--- Data in this exercise ---

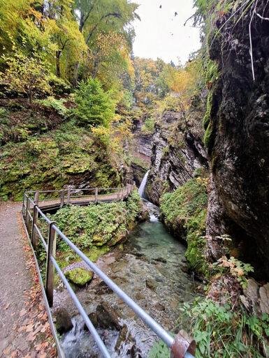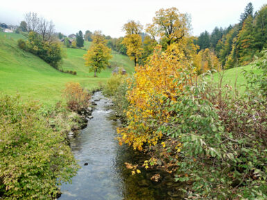 Toggenburg: Kurzer Spaziergang flussaufwärts entlang der Säntisthur bis zu den Thurwasserfällen.
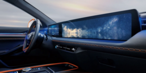 內飾方面,EVOS采用了極簡設計,中控面板基本看不到任何物理按鍵,寬度超過1.1米的巨幅屏幕一直延伸到副駕位置,并由12.3英寸液晶儀表及27英寸4K高清中控屏所組成。
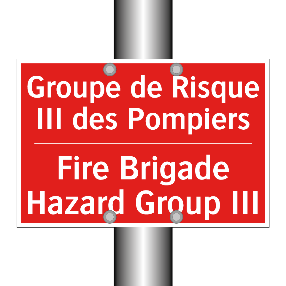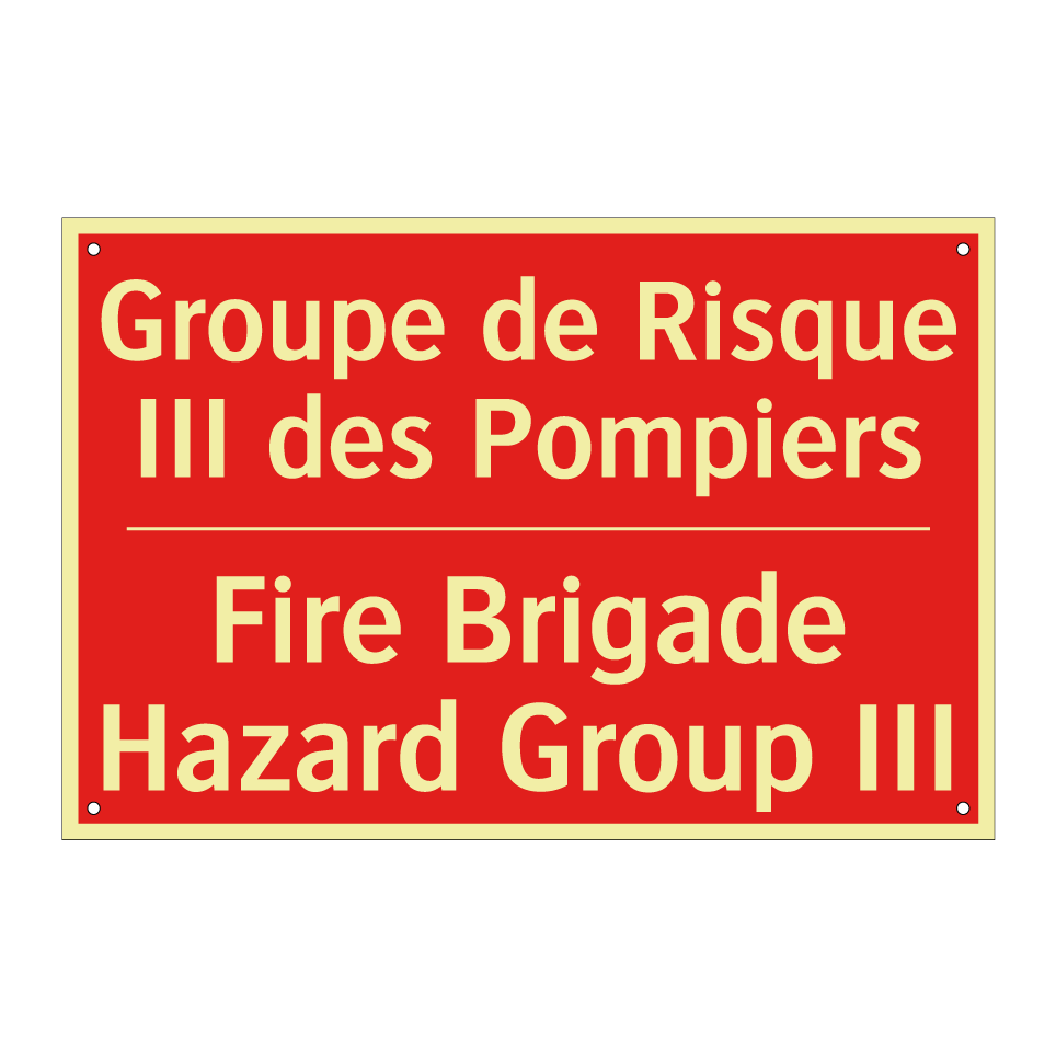 Panneau de signalisation incendie bilingue avec texte en français : "Groupe de Risque III des Pompiers", et en anglais : "Fire Brigade Hazard Group III"
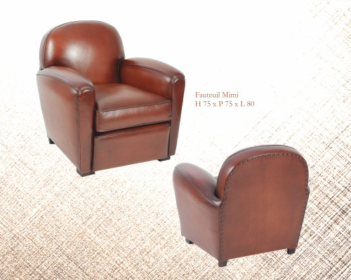 Le fauteuil Club Mimi au design parfait, qui s'associe à tout type d'intérieur. Sa structure en Pin massif offre une stabilité, et une excellente duré de vie. Revêtue de peau de basane pleine fleur, teinté, ciré et patiné à la main, nous offre un rendue lisse et agréable au toucher.
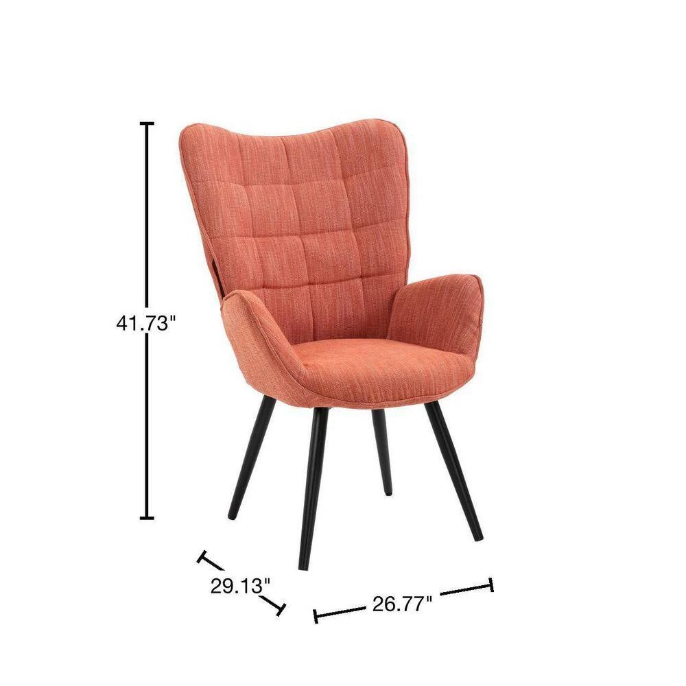 Perfect for rounding out your home with a handy perch, an accent chair like this is a great option curling up with a good book or settling in for a TV binge, while also lending your space an on-trend look. This piece features foam-filled fabric upholstery for a chic touch in any space with classic design with a twist. Its frame is crafted from wood and features tapered legs for a touch of that retro appeal, while flared arms and button-tufted details add a hint of classic charm. The “wings” complete the look.
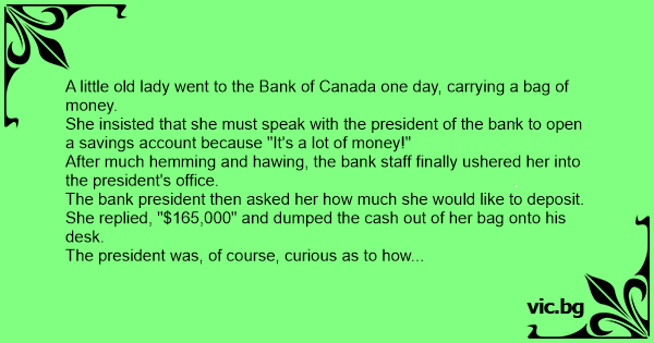 Egy idős kis hölgy egy nap bement a kanadai nemzeti bankba egy táskányi pénzzel. Ragaszkodott hozzá, hogy a bank elnökével kíván beszélni számlanyitással kapcsolatban, mondván: "Sok pénzről van...
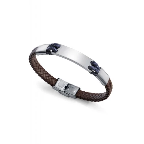 Pulsera Viceroy para hombre 75080p01011 en cuero marrón trenzado con tres chapas acero una central grande, garantía y estuche Viceroy
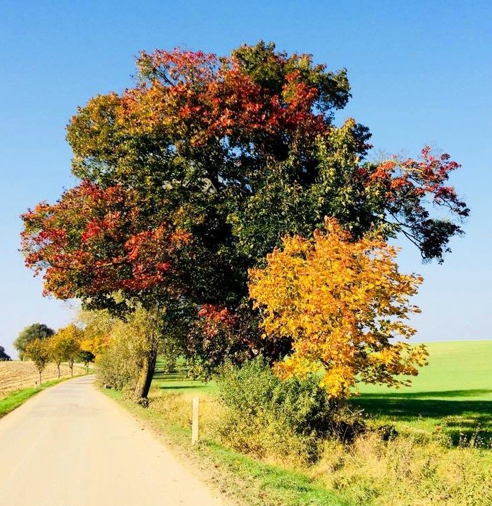 Auf einen weiteren sonnigen Herbsttag! So farbenfroh präsentiert sich die Landschaft zwischen Penzlin und Siehdichum.
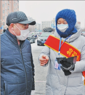 □黄晓慧本报记者文天心 “我们社区网格员孙秀玲大姐每天苦口婆心劝阻居民出门,热心帮助行动不便的居民买药买菜,走遍社区‘犄角旮旯’查找居民出行‘漏洞’,还要劝拾荒人员返家,她嗓子都喊哑了……”勃利县城西街道学府社区干部不断“爆料”。 孙秀玲是勃利县科学技术与信息产业局局长。2月14日,勃利县委选派科级干部为网格长,孙秀玲成为勃利县城西街道14位网格长中唯一的女性,她负责的“片区”是世纪新村,不但面积最大、人口最多,还出现过两例确诊病例,是重点防控小区。 “世纪新村小区共有55栋楼,4360户,10960人。”孙秀玲对小区情况了如指掌。孙秀玲不但和大家在卡口值守,每天还要在小区内走一遍,重点查看封堵边界地带有无“漏洞”。她在巡查中发现,沿河处有3处被居民扒开的“口子”。孙秀玲及时联系城西街道办事处,协调建设局进行及时修补。 “孙秀玲每天微信步数都是一万多步,她是居民贴心人,哪里有情况哪里就会出现她的身影。”学府社区委主任施红霞不无钦佩地说。 孙秀玲(右)为居民讲解如何使用手机扫码出入小区。 黄晓慧摄
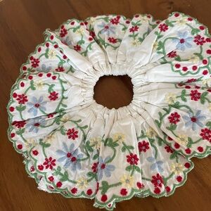 Pristine condition. Add a touch of elegance to your hairstyle with this floral embroidered hair scrunchie. Featuring a beautiful white base with colorful floral patterns, it's perfect for any occasion.
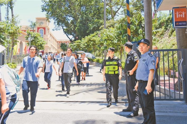 南山警方在轄區(qū)考點(diǎn)值守護(hù)考。

---

• _Task item_: Restate the records above word for word. Skip every picture.

• _Answer space_:
 Toggenburg: Kurzer Spaziergang flussaufwärts entlang der Säntisthur bis zu den Thurwasserfällen.
 內飾方面,EVOS采用了極簡設計,中控面板基本看不到任何物理按鍵,寬度超過1.1米的巨幅屏幕一直延伸到副駕位置,并由12.3英寸液晶儀表及27英寸4K高清中控屏所組成。
 Panneau de signalisation incendie bilingue avec texte en français : "Groupe de Risque III des Pompiers", et en anglais : "Fire Brigade Hazard Group III"
 Le fauteuil Club Mimi au design parfait, qui s'associe à tout type d'intérieur. Sa structure en Pin massif offre une stabilité, et une excellente duré de vie. Revêtue de peau de basane pleine fleur, teinté, ciré et patiné à la main, nous offre un rendue lisse et agréable au toucher.
 Perfect for rounding out your home with a handy perch, an accent chair like this is a great option curling up with a good book or settling in for a TV binge, while also lending your space an on-trend look. This piece features foam-filled fabric upholstery for a chic touch in any space with classic design with a twist. Its frame is crafted from wood and features tapered legs for a touch of that retro appeal, while flared arms and button-tufted details add a hint of classic charm. The “wings” complete the look.
 Egy idős kis hölgy egy nap bement a kanadai nemzeti bankba egy táskányi pénzzel. Ragaszkodott hozzá, hogy a bank elnökével kíván beszélni számlanyitással kapcsolatban, mondván: "Sok pénzről van...
 Pulsera Viceroy para hombre 75080p01011 en cuero marrón trenzado con tres chapas acero una central grande, garantía y estuche Viceroy
 Auf einen weiteren sonnigen Herbsttag! So farbenfroh präsentiert sich die Landschaft zwischen Penzlin und Siehdichum.
 □黄晓慧本报记者文天心 “我们社区网格员孙秀玲大姐每天苦口婆心劝阻居民出门,热心帮助行动不便的居民买药买菜,走遍社区‘犄角旮旯’查找居民出行‘漏洞’,还要劝拾荒人员返家,她嗓子都喊哑了……”勃利县城西街道学府社区干部不断“爆料”。 孙秀玲是勃利县科学技术与信息产业局局长。2月14日,勃利县委选派科级干部为网格长,孙秀玲成为勃利县城西街道14位网格长中唯一的女性,她负责的“片区”是世纪新村,不但面积最大、人口最多,还出现过两例确诊病例,是重点防控小区。 “世纪新村小区共有55栋楼,4360户,10960人。”孙秀玲对小区情况了如指掌。孙秀玲不但和大家在卡口值守,每天还要在小区内走一遍,重点查看封堵边界地带有无“漏洞”。她在巡查中发现,沿河处有3处被居民扒开的“口子”。孙秀玲及时联系城西街道办事处,协调建设局进行及时修补。 “孙秀玲每天微信步数都是一万多步,她是居民贴心人,哪里有情况哪里就会出现她的身影。”学府社区委主任施红霞不无钦佩地说。 孙秀玲(右)为居民讲解如何使用手机扫码出入小区。 黄晓慧摄
 Pristine condition. Add a touch of elegance to your hairstyle with this floral embroidered hair scrunchie. Featuring a beautiful white base with colorful floral patterns, it's perfect for any occasion.
 南山警方在轄區(qū)考點(diǎn)值守護(hù)考。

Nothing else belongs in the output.